Spec Ops: The Line – 7.5 / 10
Inspired by the 1902 novel ‘Hearts Of Darkness’ by Joseph Conrad, you play as Major Walker, who heads a three man Delta squad on a rescue mission in a sandstorm destroyed Dubai. A previous military unit the 33rd, headed by Major Konrad, lost contact while rescuing survivors, and it’s up to the Delta squad to find out what happened.
‘Hearts Of Darkness’ was also used in a war / military setting in the film ‘Apocalypse Now’, and as with this game, it works well with the subject premise.
There are moments that will shock and ‘disturb’ the player in the mindlessness and brutality of combat in an urban environment. It is this sense, that literally creates emotion as to what’s happening onscreen. This is highly unique considering at the heart of the game, it’s a squad -based shooter.
Apart from a few interactive action sequences, and some instances where you shoot ceilings and walls to make an avalanche of sand, this is a very typical squad-based shooter.
There are multiple assignments to a couple of buttons on the console version – don’t know on the PC – that the game gets ‘confused’ at times, or the actions pop up on the screen to quickly to react to the action you want to do. These are the vault/bash and slip out/swap actions. This isn’t the only game that incorporates multiple actions to one button, but in fairness, it does work most of the time.

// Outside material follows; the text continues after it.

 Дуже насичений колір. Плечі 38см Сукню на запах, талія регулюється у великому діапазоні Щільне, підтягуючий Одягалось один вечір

Whenever an enemy throws a grenade at you, you can only walk away, even though you’re pressing the buttons to run. This gets very annoying, as you end up dying frequently. Just why you cannot run away is beyond me. In other shooters you can run, so why not this. When you throw grenades at enemies, it makes a billow of sand that obscures their vision, which is a nice effect.
There are some sections that you confront enemies when a sandstorm hits, and when you’re looking directly at the sun. The sandstorm effect is blindly furious and very well incorporated. When looking at the sun, you’re vision is blinded as in ‘reality’, which makes it highly effective or annoying – depending on the player.

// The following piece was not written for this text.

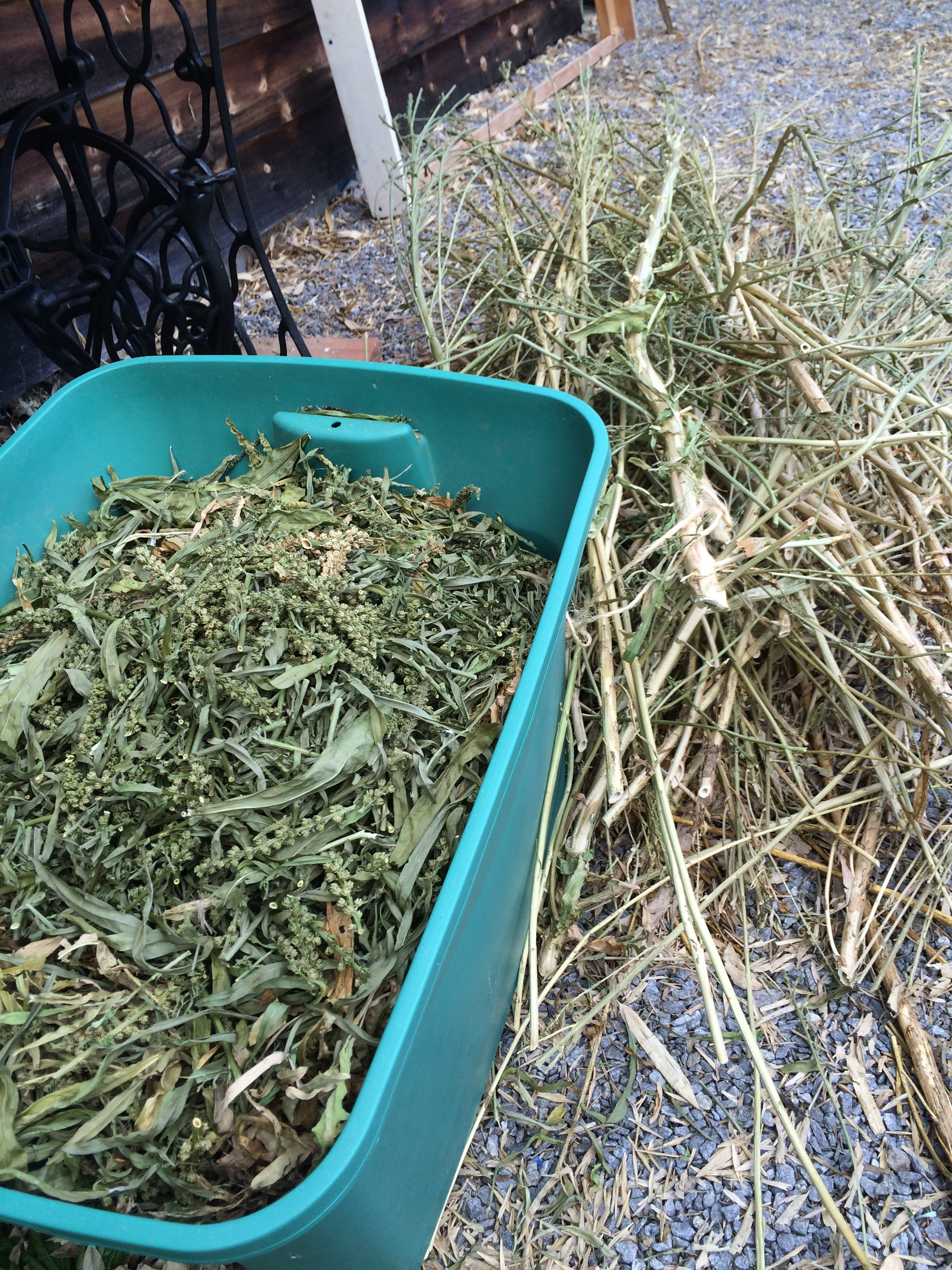 Dried weld (leave and flowers) stored for later use and the discarded stems, which don’t contain much dye.

You can assign very simple commands to your AI squad members – which only are taking out an enemy or healing. At times when you assign one member to kill an enemy, they sometimes run far out ahead of you into heavy fire and get wounded. At other times both AI squad members get wounded at the same time, and you cannot heal them in time. When this happens, you ‘die’ and need to start at the last saved checkpoint. There are no manual saves – only auto-saves – so at times it gets annoying to go through the same section multiple times to advance. At least the checkpoint system are frequent, and you don’t need to start from the beginning.

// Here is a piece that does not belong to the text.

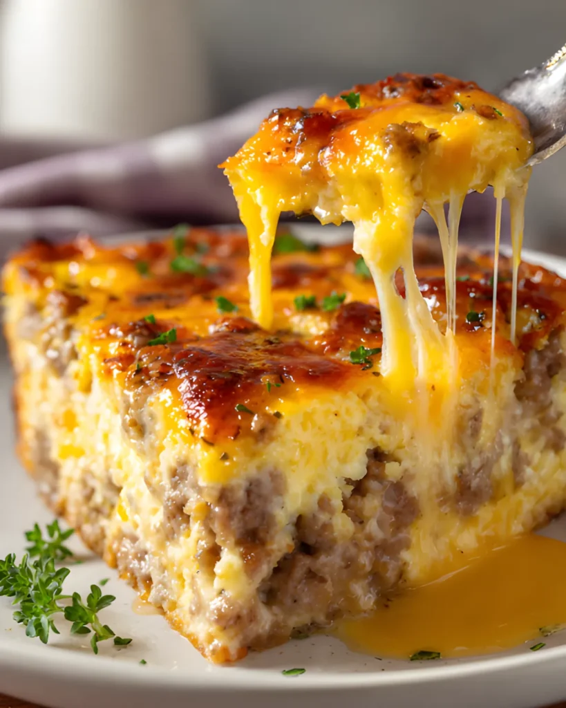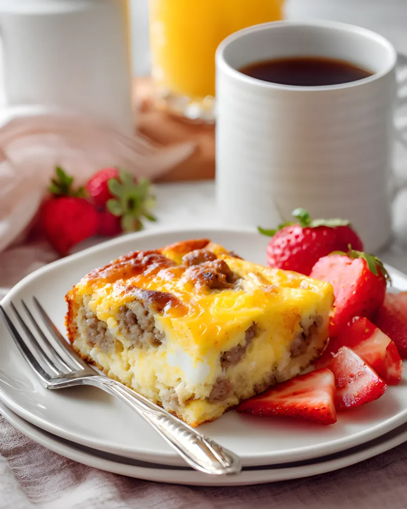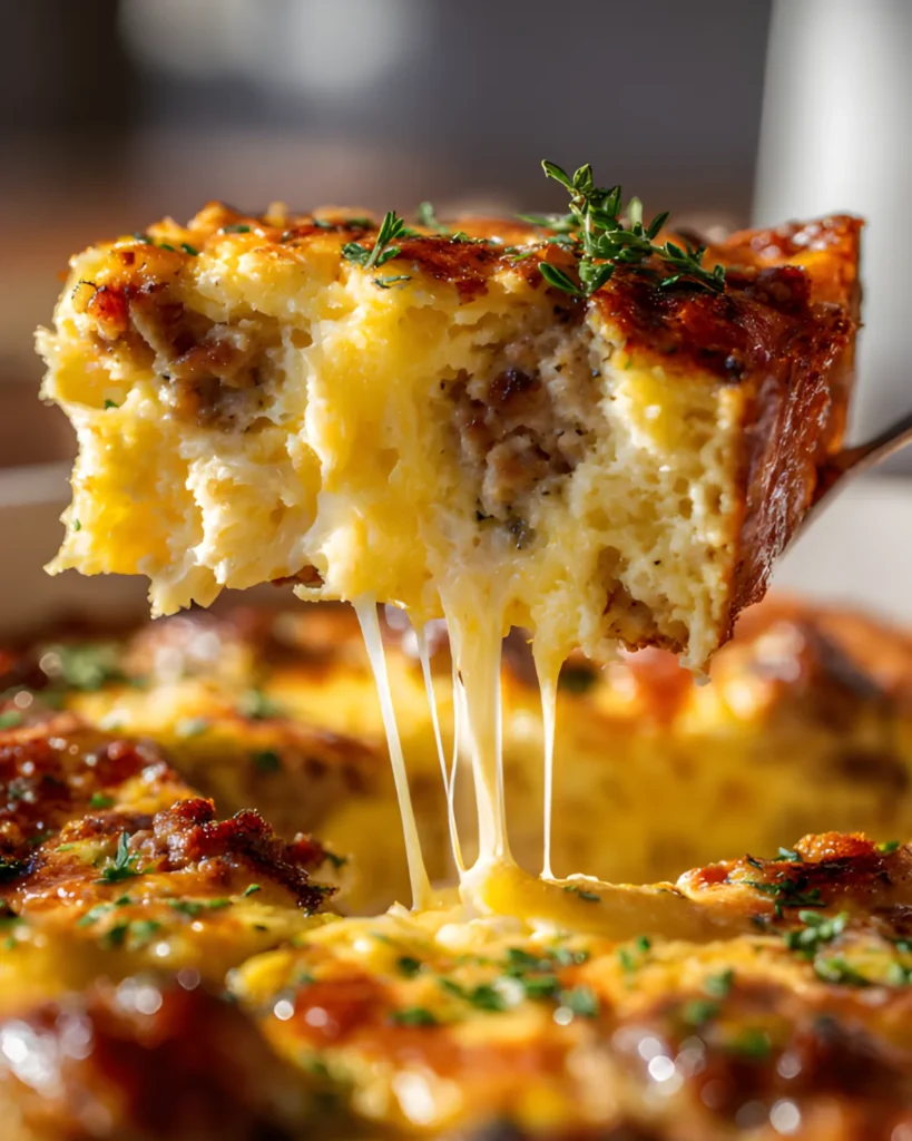 Bake for 30–40 minutes. The center should set fully, and the top should turn golden brown. Let the Easy Sausage and Egg Casserole cool for five minutes before slicing.

Along the way, there are parts where you need to make a decision on what action to take. These are not so easy to pick, as there is no ‘wrong’ one. It’s more like the ‘greater’ or ‘lesser’ of the two evils. What you pick influences how the story plays out, and how the AI squad reacts to you.
The game is broken up into fifteen chapters, with a prologue and epilogue. Some chapters are shorter than others, and the game lasts roughly six to ten hours, depending on the player’s skill and difficulty set. For a game that’s essentially a single player affair, that’s too short. A much longer campaign would be better.
Presentation & Sound
Graphically-wise it’s similar to ‘Uncharted’ and ‘Mass Effect’. The sandstorm-ravaged landscape of downtown Dubai looks great, but other sections look average. In cutscenes, the character animation isn’t mind-blowing, at at times they don’t look as good as they ought to be. Something like in ‘Deus Ex Human Revolution’.
The character voices are excellent. They really did a very good job portraying emotions when confronted by the realities of war, and effects on the civilians.
Sound-wise, the weapons doesn’t have the ‘punch’ as they should have. This is evident for ‘heaver’ weapons such as assault rifles, shotguns, and turrets. The wind effect of sandstorms is another thing – excellent.
The single-player campaign is quite short – similar in length to ‘Call Of Duty’ – which doesn’t amount to much. You can play through it again to collect all those ‘intel’ items, or on higher difficulties, but once you played through, you know what the outcome is, so there’s really no incentive to play it again. This is even though there are multiple endings.
Even with its gameplay niggles, this is well worth going through, as the storyline itself makes this not your average shooter. Overall, it’s not a bad game, but I wish either the developers had more time to tweak the gameplay.